Global CFO message

Shigeki EndoGlobal CFO, dentsu
March 31, 2025

Promote the creation of a solid business foundation for a return to growth and aim to continuously improve corporate value

Dentsu is a company with a history of over 120 years. In order to pass on its vitality to the next generation and ensure its continued development, we, the management team, believe that it is important to make decisions with a medium- to long-term perspective and work toward growth together with our talented employees around the world. To achieve this, as Global CFO, I will first strengthen financial governance and build a solid business foundation to achieve the financial targets of our Mid-Term Management Plan. Furthermore, while achieving growth, I hope to earn greater trust in dentsu by proactively communicating with all of our stakeholders, leading to sustained improvements in our corporate value.

In our consolidated results for fiscal year 2024, although the Japan business performed very well, the International business recorded a large impairment loss, resulting in a net loss for the second consecutive year.

One factor was the relative weakening of the Group’s position in an increasingly competitive environment. The main reason, however, was an overreliance on an M&A growth strategy, which led to lower profitability and competitiveness in the International business. Taking these harsh results very seriously, on February 14, 2025 we announced a three-year Mid-Term Management Plan with the goal of overcoming these challenges and returning to strong organic growth by fiscal year 2027.

In 2025, the first year of our Mid-Term Management Plan, we will first focus on restoring profitability by reevaluating underperforming businesses and rebuilding our business foundation. Regarding the reevaluation of underperforming businesses, we will implement thorough and swift measures in fiscal year 2025 to address businesses that are not contributing to increasing shareholder value, with the aim of eliminating unprofitable markets by fiscal year 2026. Furthermore, with regard to the rebuilding of our business foundation, we will record a one-time expenses in fiscal year 2025 to simplify organizational structures while pursuing the standardization and sophistication of operations.

With regard to financial policy, we will focus on restoring profitability and competitive advantage, and rebuilding a healthy and efficient balance sheet within three years through disciplined financial activities.

Regarding capital allocation, we will prioritize a one-time expenses related to the rebuilding of our business foundation and internal investments aimed at growth. Meanwhile, with regard to shareholder returns, we will maintain our policy of a “35% payout ratio of underlying basic EPS,” while aiming for stable dividends by maintaining the same amount as the previous fiscal year in fiscal 2025, when investments will take precedence. Although we had restrained M&A activities in fiscal year 2024, we have decided to selectively undertake M&A in line with our business strategies, depending on the progress and outlook of our business recovery, and will make decisions and manage them with stronger discipline than before.

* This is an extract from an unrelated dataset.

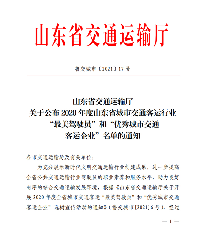 為充分展示新時代文明交通運(yùn)輸行業(yè)創(chuàng)建成果,進(jìn)一步提高全省公共交通運(yùn)輸行業(yè)駕駛員職業(yè)素養(yǎng)和服務(wù)水平,助力良好有序的綜合交通運(yùn)輸發(fā)展環(huán)境,根據(jù)《山東省交通運(yùn)輸廳關(guān)于開展2020年度全省城市交通客運(yùn)“最美駕駛員”和“優(yōu)秀城市交通客運(yùn)企業(yè)”選樹宣傳活動的通知》(魯交城市〔2021〕6號)要求,經(jīng)活動啟動、材料申報、資格審查、公開公示、人選推薦、專家評審等環(huán)節(jié),產(chǎn)生了優(yōu)秀城市交通客運(yùn)企業(yè)和城市交通客運(yùn)最美駕駛員名單,市公交公司及兩名駕駛員榜上有名。

The key financial targets for 2027, the final year of the Mid-Term Management Plan, are an organic growth rate of 4%, an operating margin of 16–17%, and an operating cash flow per year of 140 billion yen. In addition, we have set a management indicator with a greater emphasis on shareholder value: ROE in the mid-teens range.

We see the achievement of these goals as a necessary milestone to embody our Group’s vision: ‘To be at the forefront of people-centered transformations that shape society.’ We are committed to achieving sustainable, strong growth and improving both shareholder value and corporate value.